= Location intelligence =

In business intelligence, location intelligence (LI), or spatial intelligence, is the process of deriving meaningful insight from geospatial data relationships to solve a particular problem. It involves layering multiple data sets spatially and/or chronologically, for easy reference on a map, and its applications span industries, categories and organizations.

Maps have been used to represent information throughout the ages, but what might be referenced as the first example of true location 'intelligence' was in London in 1854 when John Snow was able to debunk theories about the spread of cholera by overlaying a map of the area with the location of water pumps and was able to narrow the source to a single water pump. This layering of information over a map was able to identify relationships between different sets of geospatial data.

Location or geographical information system (GIS) tools enable spatial experts to collect, store, analyze and visualize data. Location intelligence experts can use a variety of spatial and business analytical tools to measure optimal locations for operating a business or providing a service. Location intelligence experts begin with defining the business ecosystem which has many interconnected economic influences. Such economic influences include but are not limited to culture, lifestyle, labor, healthcare, cost of living, crime, economic climate and education.

==Further definitions==

The term "location intelligence" is often used to describe the people, data and technology employed to geographically "map" information. These mapping applications like Polaris Intelligence can transform large amounts of data linked to location (e.g. POIs, demographics, geofences) into color-coded visual representations (heat maps and thematic maps of variables of interest) that make it easy to see trends and generate meaningful intelligence. The creation of location intelligence is directed by domain knowledge, formal frameworks, and a focus on decision support. Location cuts across everything i.e. devices, platforms, software and apps, and is one of the most important ingredients of understanding context in sync with social data, mobile data, user data, sensor data.

Location intelligence is also used to describe the integration of a geographical component into business intelligence processes and tools, often incorporating spatial database and spatial OLAP tools.

In 2012, Wayne Gearey from the real estate industry (JLL) offered the first applied course on location intelligence at the University of Texas at Dallas in which he defined location intelligence as the process for selecting the optimal location that will support workplace success and address a variety of business and financial objectives.

Pitney Bowes MapInfo Corporation describes location intelligence as follows: "Spatial information, commonly known as "Location", relates to involving, or having the nature of where. Spatial is not constrained to a geographic location however most common business uses of spatial information deal with how spatial information is tied to a location on the earth. Miriam-Webster® defines Intelligence as "The ability to learn or understand, or the ability to apply knowledge to manipulate one`s environment." Combining these terms alludes to how you achieve an understanding of the spatial aspect of information and apply it to achieve a significant competitive advantage."

Definition by Esri is as follows: "Location intelligence is achieved via visualization and analysis of data. By adding layers of geographic data—such as demographics, traffic, and weather—to a smart map or dashboard, organizations can use intelligence tools to identify where an event has taken place, understand why it is happening, and gain insight into what caused it."

Definition by Yankee Group within their White Paper "Location Intelligence in Retail Banking: "...a business management term that refers to spatial data visualization, contextualization and analytical capabilities applied to solve a business problem."
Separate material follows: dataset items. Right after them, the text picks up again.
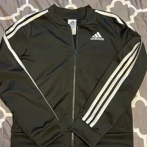 Adidas Black Jacket with white stripes down sleeves
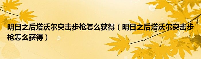 摘要大家好,小育來(lái)為大家講解下。明日之后塔沃爾突擊步槍怎么獲得,明日之后塔沃爾突擊步槍怎么獲得很多人還不知道,現(xiàn)在讓我們一起來(lái)看看吧!
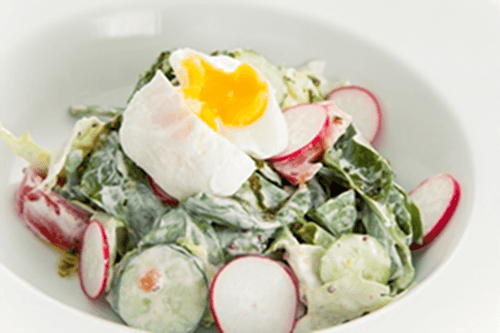 Spring salad with radish and poached egg is an exquisite dish of French cuisine that combines the freshness of spring vegetables with the tenderness of poached egg. The roots of this recipe trace back to France's gastronomic culture, where special attention is paid to the balance of flavors. Crunchy radish, sweet tomatoes, fresh cucumber, and aromatic roasted pepper create a harmonious blend. Tender lettuce leaves and green onions add lightness to the dish, while sour cream adds softness and a pleasant tang. A special highlight is the poached egg which, when spread out, makes the dish's texture rich and creamy. This salad is perfect as a light spring lunch or an elegant appetizer that emphasizes the delicacy of flavors and simplicity of preparation.
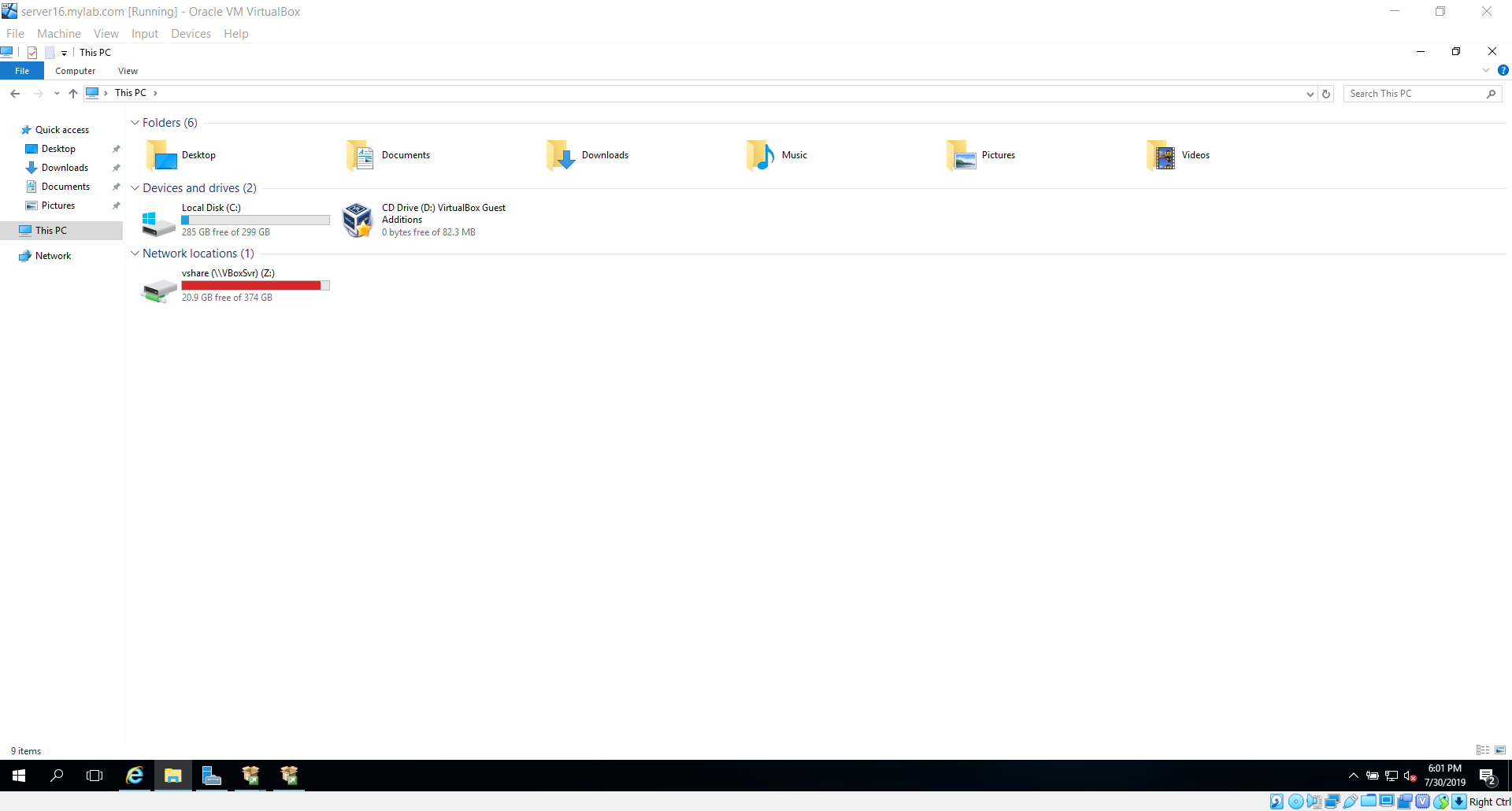 I have already spun up a virtual machine with Windows Server 2016 on it. I am using Oracle Virtual Box for virtualization tool, you can use any of your favorite tool for the purpose.
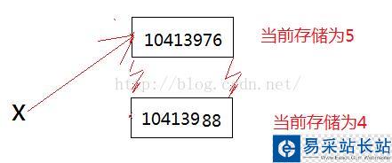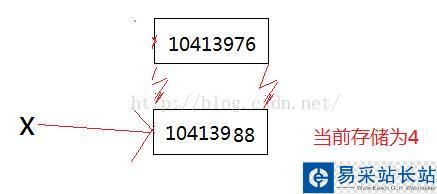 也就是說:開始的時候,x指向了10413988這塊內(nèi)存,里面存儲的是4
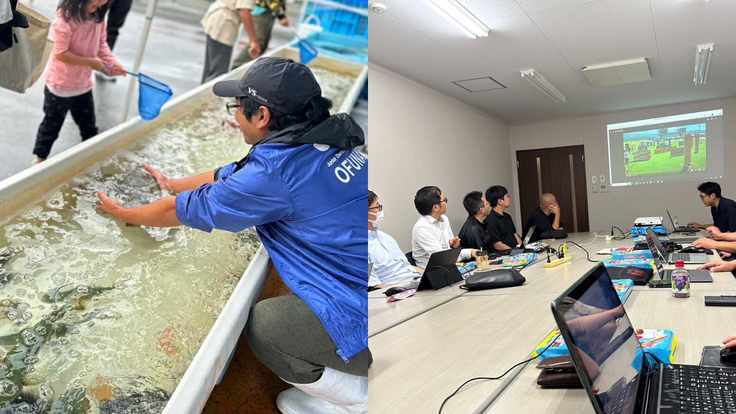 2025年度は理事長鎌田智のもと、「もっと+〜思い描く未来へ 共に創造しよう〜」をスローガンに掲げ、多様な職種のメンバー26名が大船渡を盛り上げるための活動をしています。セミナーや勉強会だけでなく、子ども向けにお魚タッチプールや大船渡湾クルーズを企画したり、地域の若者を集めた交流会なども行なってきました。また、2025年2月の大船渡大規模林野火災発災時は、東日本大震災の教訓から結んだ防災三者協定(大船渡市社会福祉協議会、おおふなと市民活動センター、大船渡JC)に基づき速やかに協議を始め、必要物資購入のための支援金募集や炊き出し活動などを行いました。

==Commercial applications==

Location intelligence is used by a broad range of industries to improve overall business results. Applications include:
- Communications and telecommunications: Network planning and design, boundary identification, identifying new customer markets.
- Financial services: Optimize branch locations, market analysis, share of wallet and cross-sell activities, mergers & acquisitions, industry sector analysis, risk management.
- Government: Census updates, law enforcement crime analysis, emergency response, environmental and land management, electoral redistricting, tax jurisdiction assignment, urban planning.
- Healthcare: Site selection, market segmentation, network analysis, growth assessments, spread of disease.
- Higher education: Student Recruitment, Alumni & Donor Tracking, Campus Mapping.
- Hotels and restaurants: Customer profile analysis, site selection, target marketing, expansion planning.
- Insurance: Address validation, underwriting and risk management, claims management, marketing and sales analysis, market penetration studies.
- K-12: School site selection, enrollment planning, school attendance area modification (boundary change), school consolidation, district consolidation, student achievement plotting.
- Media: Target market identification, subscriber demographics, media planning.
- Real estate: Site reports, comprehensive site analysis, demographic analysis, growth pattern analysis, retail modeling, presentation quality maps.
- Retail: Site selection, maximize per-store sales, identify under-performing stores, market analysis, retail leakage and supply gap analysis.
- Transportation: Transport planning, route monitoring.